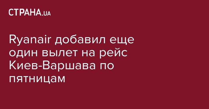 Ryanair добавил еще один вылет на рейс Киев-Варшава по пятницам
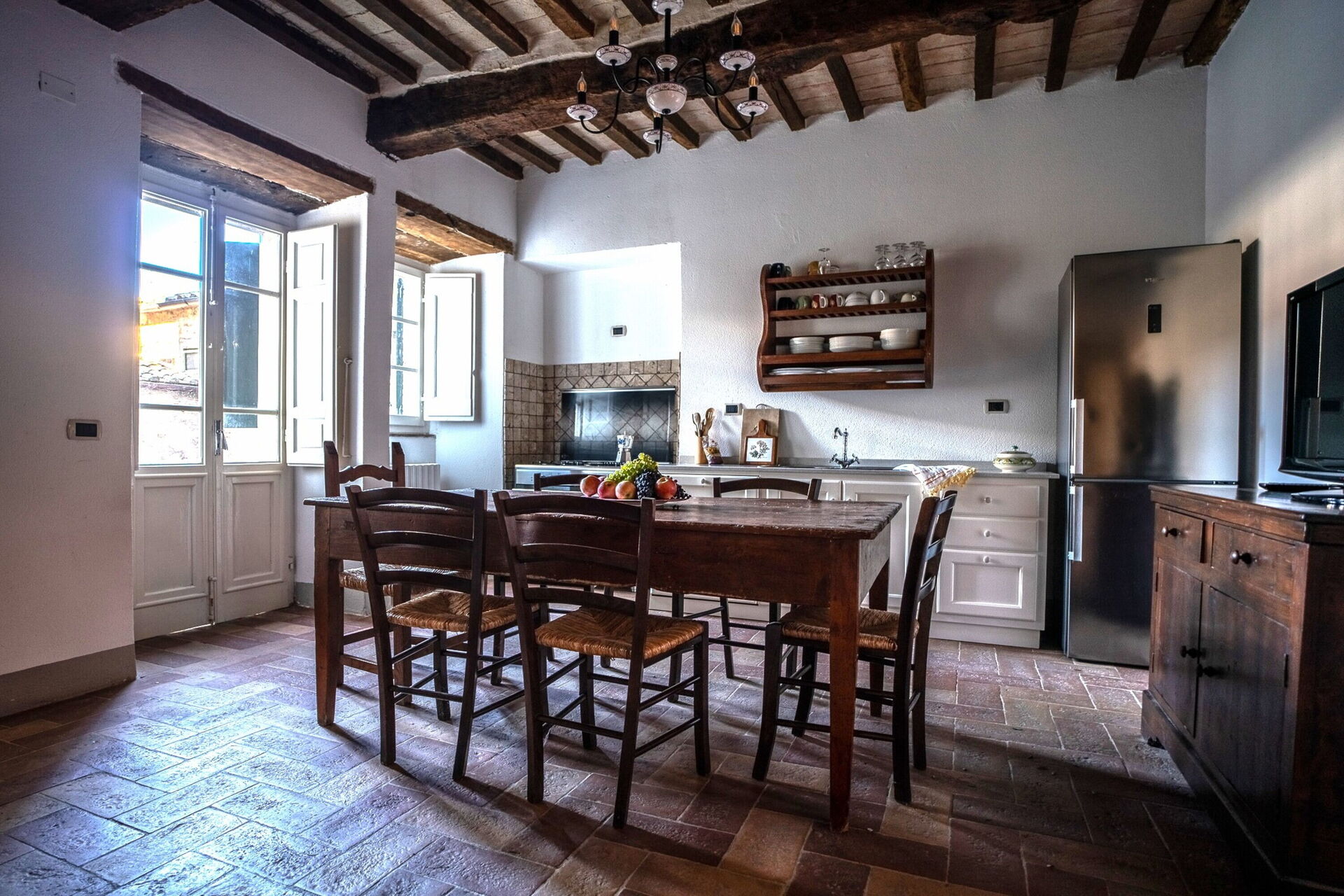 Keuken: eettafel (personen: 6), ijskast, diepvriezer, kookplaat, oven, broodrooster, italiaans koffiezetapparaat, open haard, WIFI internet.
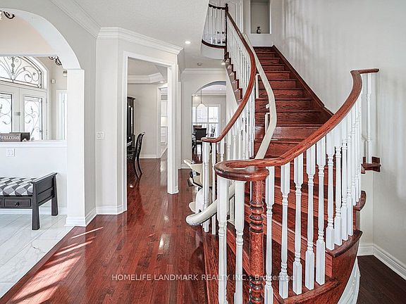 Welcome to this beautifully maintained corner-lot home situated in Mississauga's desirable Churchill Meadows community. With an expansive, nearly 64-ft wide lot and an open-concept layout ideal for family living, this home offers exceptional comfort and value just minutes from all major amenities. Step inside to an inviting main floor featuring pot lights throughout, a bright, upgraded kitchen equipped with JennAir dual ovens, sleek cabinetry, California shutters and an overall spacious, functional kitchen perfect for everyday meals or entertaining. The main level also includes a generous living and dining area with excellent flow for family gatherings, along with a separate office ideal for study or work-from-home arrangements. Upstairs, each bedroom enjoys direct access to a bathroom, including two private ensuites and a Jack-and-Jill (semi-ensuite), providing outstanding privacy and convenience for growing families or multi-generational living. The thoughtful floorplan offers abundant closet space and well-designed storage throughout. Additional highlights include an epoxy-finished garage floor, updated roofing and attic insulation, and includes an additional fridge in the laundry room. The home is equipped with a stair lift, offering added accessibility and comfort for seniors, individuals with mobility needs, or those seeking aging-in-place features. Outside, enjoy a beautifully finished stamped concrete patio and walkways, creating an inviting setting for outdoor dining, children's play, and summer entertaining. Water your grass worry free with the in-ground sprinkler system. The large corner lot provides significantly more usable outdoor space than typical homes in the area. Perfectly located near top-rated schools, parks, community centres, Erin Mills Town Centre, Credit Valley Hospital, places of worship, GO Transit, and major highways, this home offers unbeatable convenience and walkability. Beautifully cared for and great value offered!
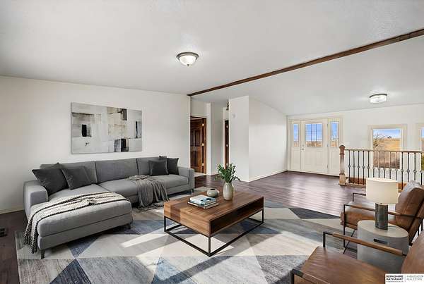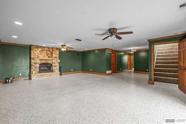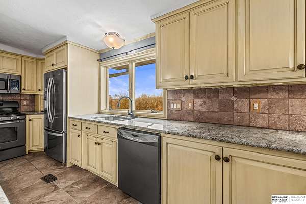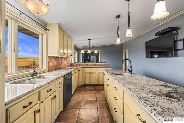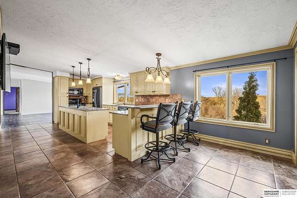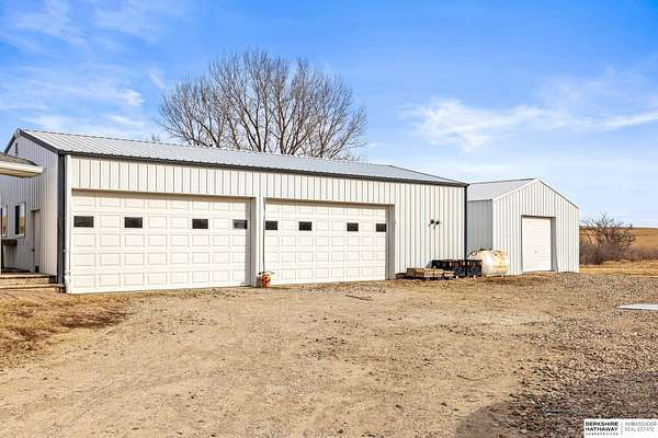 Sandy Beck, M: 402-210-3845, sandy.beck@bhhsamb.com, https://www.bhhsamb.com/sandy.beck - Rare opportunity to own a private 4-acre retreat loaded with space, function, and views. This impressive walkout ranch offers exceptional outbuildings including a 118x44 machine shed, 72x32 hoop building, steel feed bin, 14x10 shed, plus both a 4-car and 2-car garage--perfect for hobbyists, equipment, or extra storage. A fenced area is ready for your chickens, completing the ideal country setup. Enjoy peaceful outdoor living from the deck or stone patio overlooking a neighboring pond. Inside, the main floor features a gorgeous kitchen with granite countertops, island, stainless steel appliances, and under-cabinet lighting, along with a spacious laundry and mudroom, office, primary suite with full bath, oversized second bedroom, and an additional 3/4 bath. The walkout lower level adds even more living space with a family room featuring a wood-burning fireplace, two additional bedrooms, and another 3/4 b
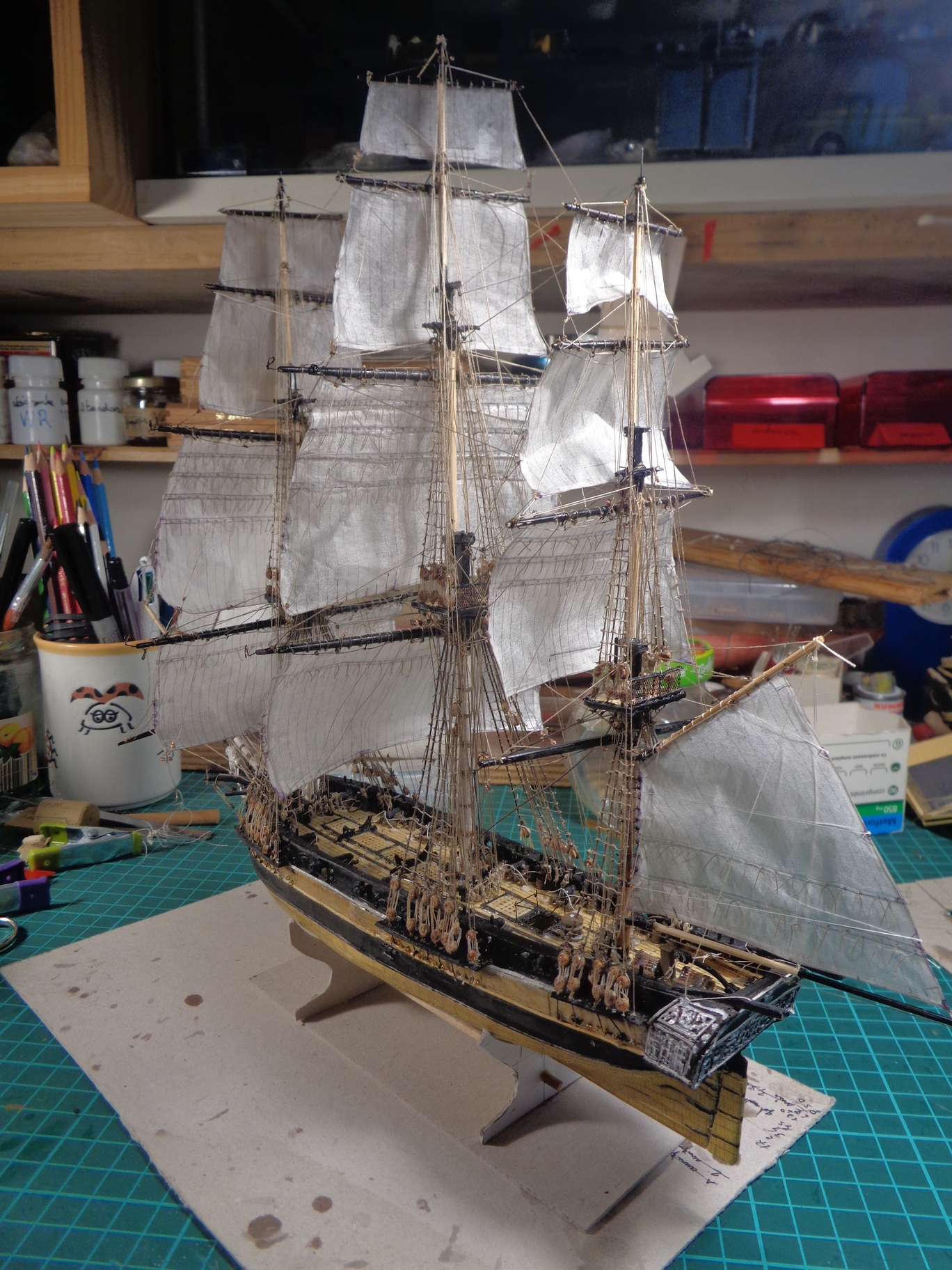 Voici le navire quasiment fini, avec son drapeau pas encore froissé, sa petite bouée (le détail qui tue) en bout de gui. Pensez que si j'avais mis les bonnettes et les voiles d'étai, je pouvais ajouter une centaine de cordages et deux cent poulies.... Le navire est trop petit! Les vergues un peu trop tournées sont commandées depuis la hune d'artimon. Les marins ne sont pas encore montés rectifier l'orientation.

== What you will do ==
Only the lines from the beginning of the listing up to and including the line with "Welcome to this" should appear in the reply, copied word for word and free of pictures.

== Task solution ==
 Ryanair добавил еще один вылет на рейс Киев-Варшава по пятницам
 Keuken: eettafel (personen: 6), ijskast, diepvriezer, kookplaat, oven, broodrooster, italiaans koffiezetapparaat, open haard, WIFI internet.
 Welcome to this beautifully maintained corner-lot home situated in Mississauga's desirable Churchill Meadows community. With an expansive, nearly 64-ft wide lot and an open-concept layout ideal for family living, this home offers exceptional comfort and value just minutes from all major amenities. Step inside to an inviting main floor featuring pot lights throughout, a bright, upgraded kitchen equipped with JennAir dual ovens, sleek cabinetry, California shutters and an overall spacious, functional kitchen perfect for everyday meals or entertaining. The main level also includes a generous living and dining area with excellent flow for family gatherings, along with a separate office ideal for study or work-from-home arrangements. Upstairs, each bedroom enjoys direct access to a bathroom, including two private ensuites and a Jack-and-Jill (semi-ensuite), providing outstanding privacy and convenience for growing families or multi-generational living. The thoughtful floorplan offers abundant closet space and well-designed storage throughout. Additional highlights include an epoxy-finished garage floor, updated roofing and attic insulation, and includes an additional fridge in the laundry room. The home is equipped with a stair lift, offering added accessibility and comfort for seniors, individuals with mobility needs, or those seeking aging-in-place features. Outside, enjoy a beautifully finished stamped concrete patio and walkways, creating an inviting setting for outdoor dining, children's play, and summer entertaining. Water your grass worry free with the in-ground sprinkler system. The large corner lot provides significantly more usable outdoor space than typical homes in the area. Perfectly located near top-rated schools, parks, community centres, Erin Mills Town Centre, Credit Valley Hospital, places of worship, GO Transit, and major highways, this home offers unbeatable convenience and walkability. Beautifully cared for and great value offered!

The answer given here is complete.